◆ The data ◆

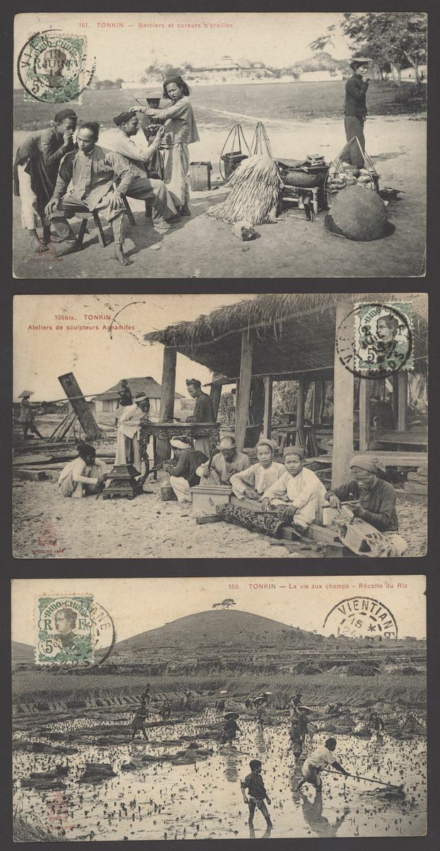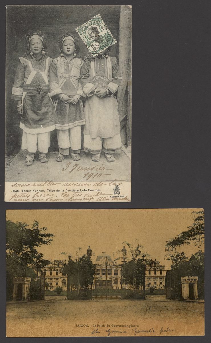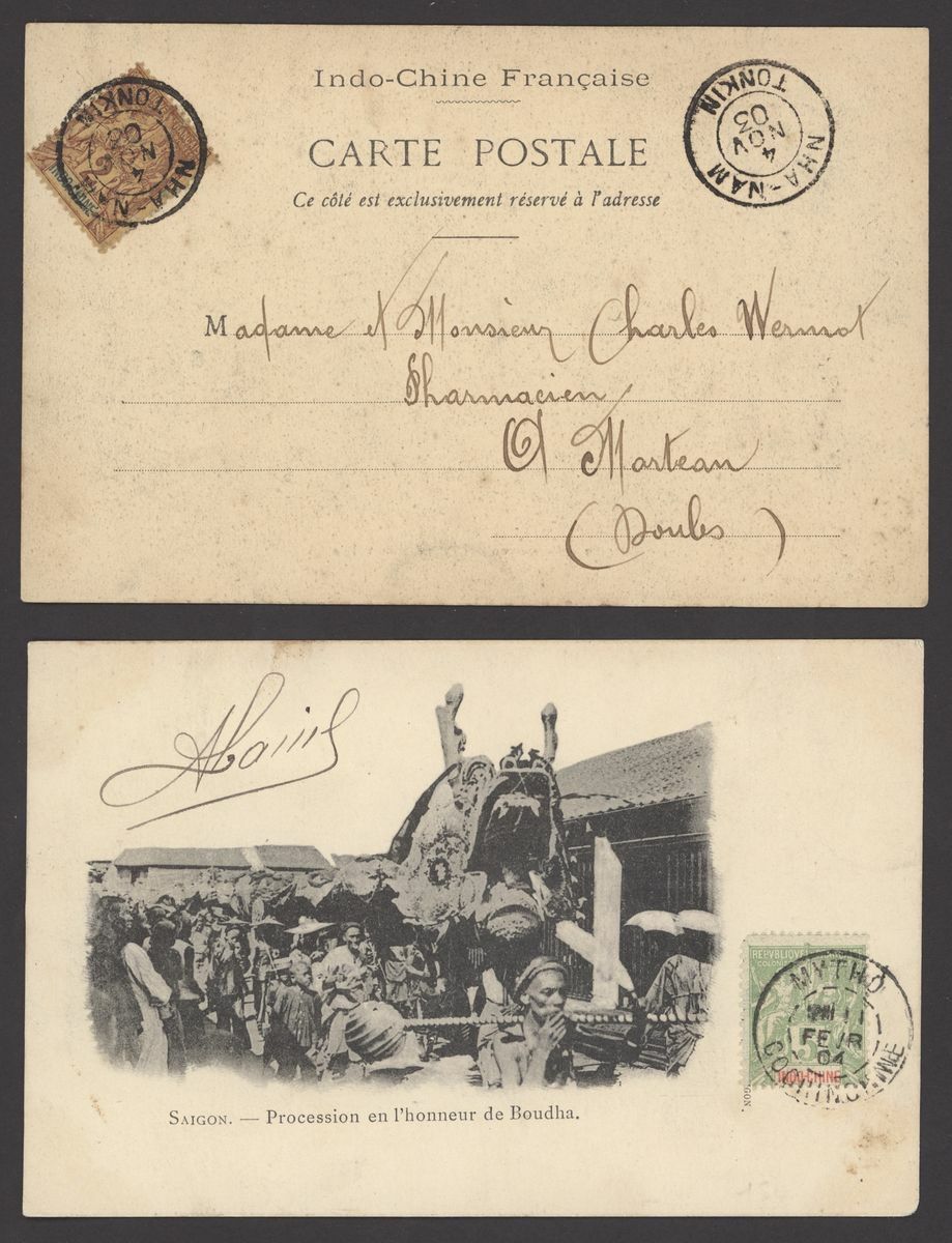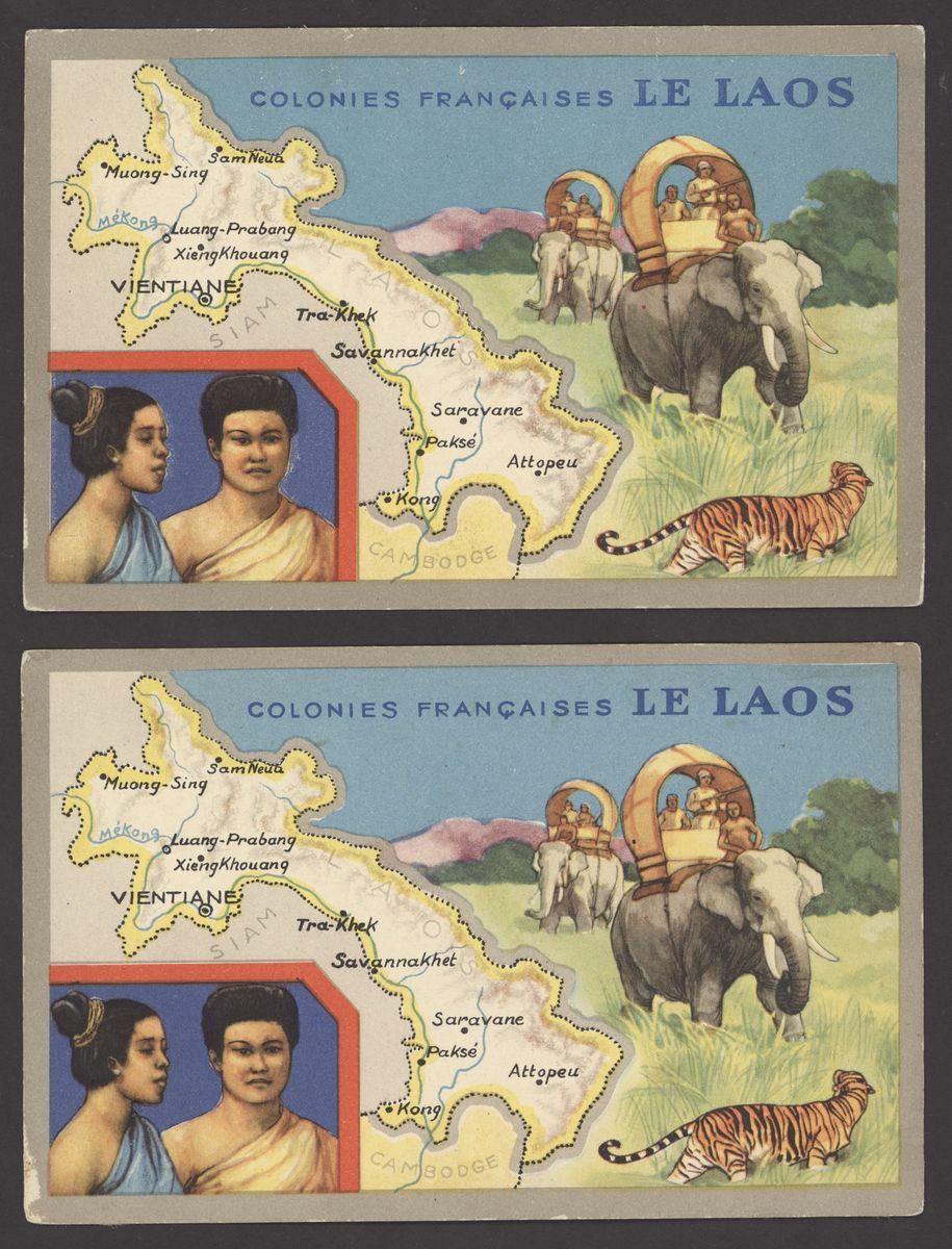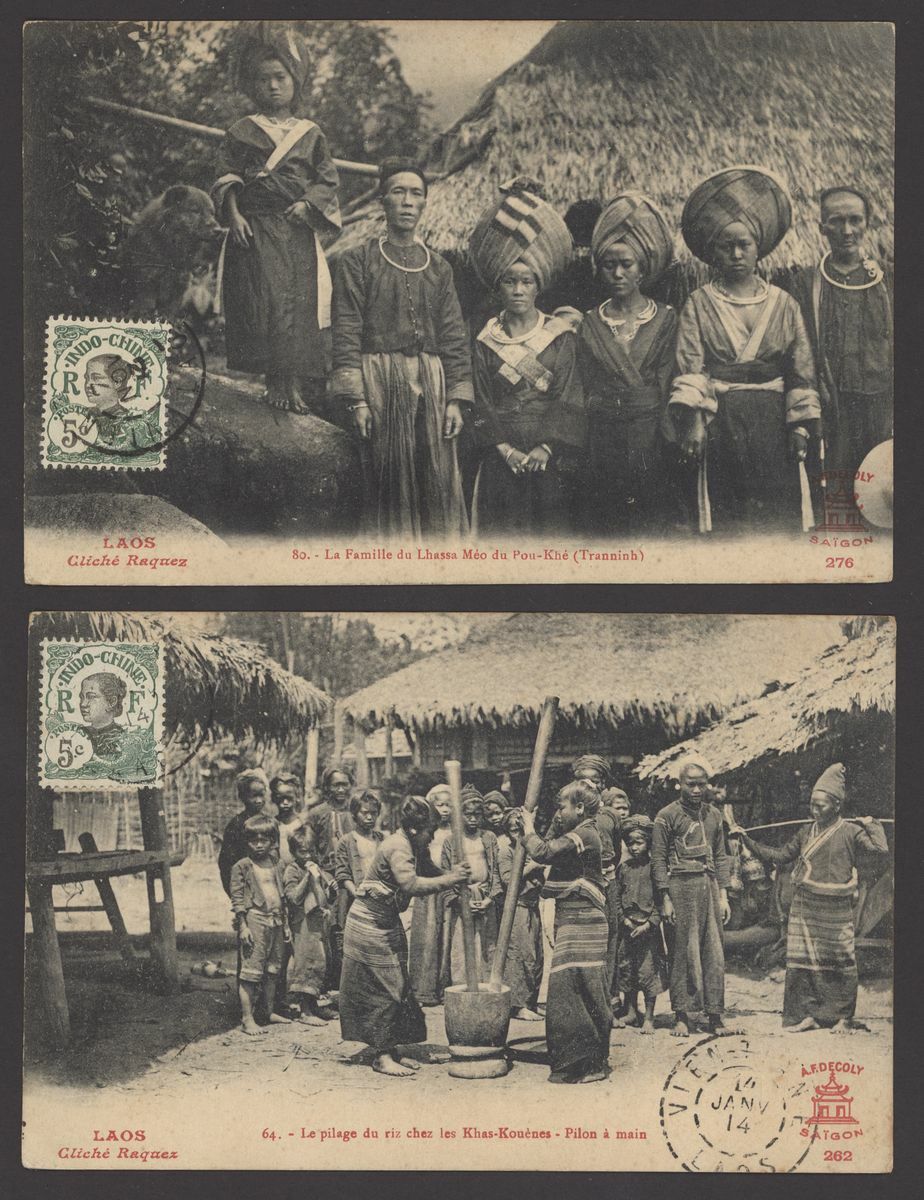 Selection of 50 items, including 1905 10c. picture postcard additionally franked 5c. with Houei Sai/Laos cancellation, 1910 envelope franked Indian Woman 25c. with PnomPenh cancellation, 1940 pictorial Air Mail envelope to Amoy with Hong Kong Censor strip, 1941 Air Mail envelope to France franked 30c. (3), $1 with Phnom Penh cancellations and Hong Kong Censor strip, a good variety of frankings and cancellations; mixed condition
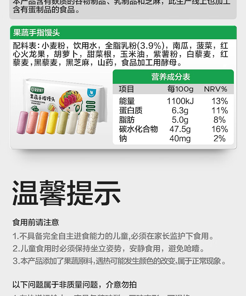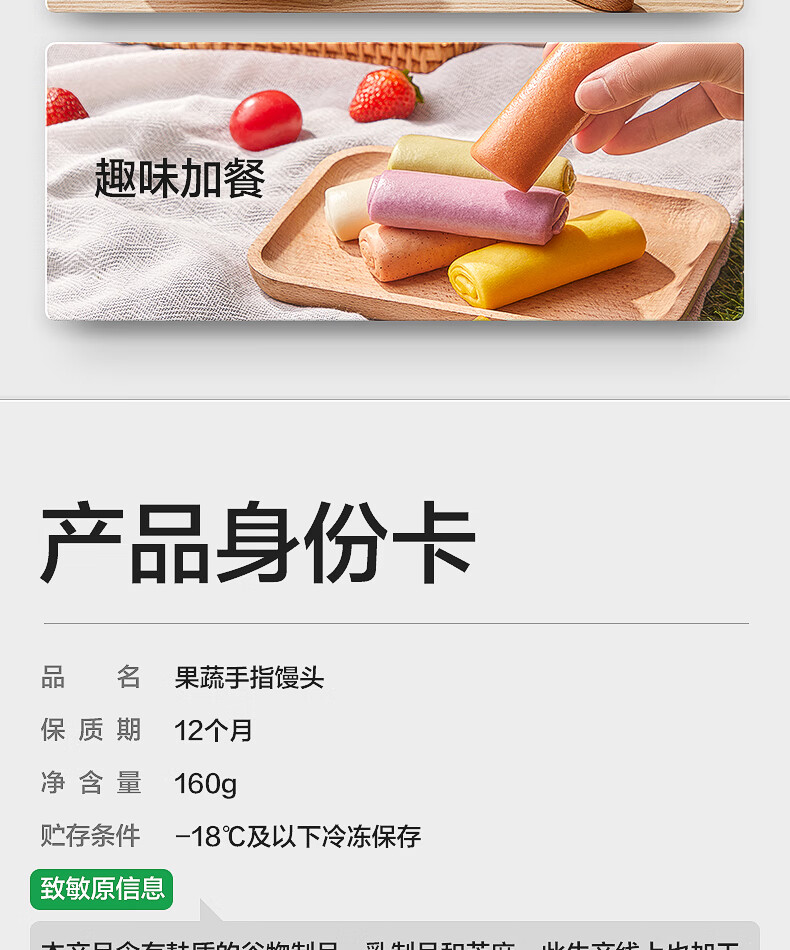 宝宝馋了果蔬手指馒头160g儿童早餐营养主食半成品享婴儿幼儿宝宝辅食谱
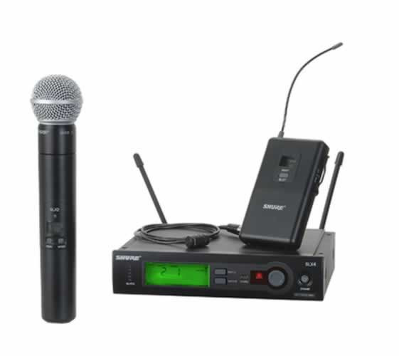 SLX Wireless Handheld/Lavalier Combo System, Includes SLX2/58 Handheld Transmitter with SM58 Microphone, WL185 Cardioid Lavalier Microphone, SLX1 Bodypack Transmitter, and SLX4 Diversity Receiver.
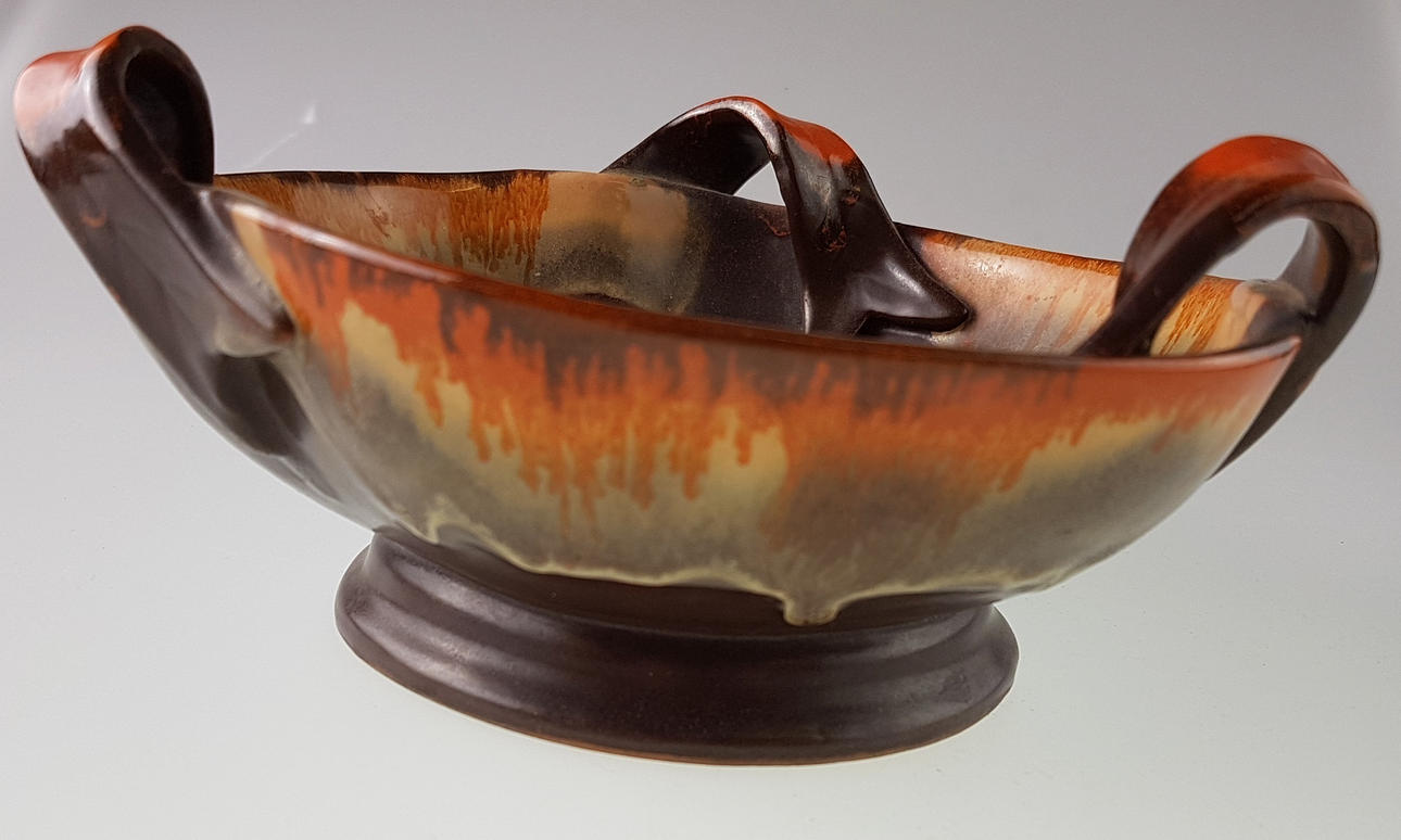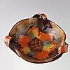 Ceramic vase - Georgenthal, Trier, with three handles, colorfully painted, H. without handle approx. 7.5 cm, D. approx. 18 cm.

◆ Work to be completed ◆
The answer is every line of the data, exactly as written, with the pictures dropped.

◆ Answer box ◆
 Selection of 50 items, including 1905 10c. picture postcard additionally franked 5c. with Houei Sai/Laos cancellation, 1910 envelope franked Indian Woman 25c. with PnomPenh cancellation, 1940 pictorial Air Mail envelope to Amoy with Hong Kong Censor strip, 1941 Air Mail envelope to France franked 30c. (3), $1 with Phnom Penh cancellations and Hong Kong Censor strip, a good variety of frankings and cancellations; mixed condition
 宝宝馋了果蔬手指馒头160g儿童早餐营养主食半成品享婴儿幼儿宝宝辅食谱
 SLX Wireless Handheld/Lavalier Combo System, Includes SLX2/58 Handheld Transmitter with SM58 Microphone, WL185 Cardioid Lavalier Microphone, SLX1 Bodypack Transmitter, and SLX4 Diversity Receiver.
 Ceramic vase - Georgenthal, Trier, with three handles, colorfully painted, H. without handle approx. 7.5 cm, D. approx. 18 cm.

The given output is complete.